* _To do_
Once you reach the line with "匀减速阶段:a'= μg =0.4×10 = 4m/s2 (1分)" in the material below, copy each line exactly up to and including the line with "GLOBOSTAR® DISE 201-0057", and skip the pictures.

* _Input_
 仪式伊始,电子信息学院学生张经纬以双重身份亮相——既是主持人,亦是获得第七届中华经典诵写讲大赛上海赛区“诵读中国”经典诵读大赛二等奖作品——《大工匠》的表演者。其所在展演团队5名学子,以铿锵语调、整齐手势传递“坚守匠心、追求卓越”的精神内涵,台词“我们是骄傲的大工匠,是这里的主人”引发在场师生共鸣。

==

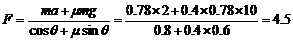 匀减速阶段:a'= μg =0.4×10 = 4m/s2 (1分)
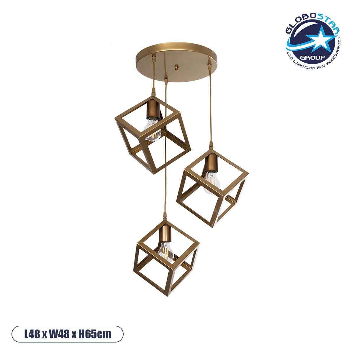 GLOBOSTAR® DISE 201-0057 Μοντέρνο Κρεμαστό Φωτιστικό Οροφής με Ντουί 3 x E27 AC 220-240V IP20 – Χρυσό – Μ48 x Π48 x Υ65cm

--

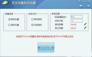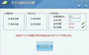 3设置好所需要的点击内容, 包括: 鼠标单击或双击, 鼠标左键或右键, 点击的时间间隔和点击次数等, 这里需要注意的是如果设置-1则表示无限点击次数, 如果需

* _Output of the task_
 匀减速阶段:a'= μg =0.4×10 = 4m/s2 (1分)
 GLOBOSTAR® DISE 201-0057 Μοντέρνο Κρεμαστό Φωτιστικό Οροφής με Ντουί 3 x E27 AC 220-240V IP20 – Χρυσό – Μ48 x Π48 x Υ65cm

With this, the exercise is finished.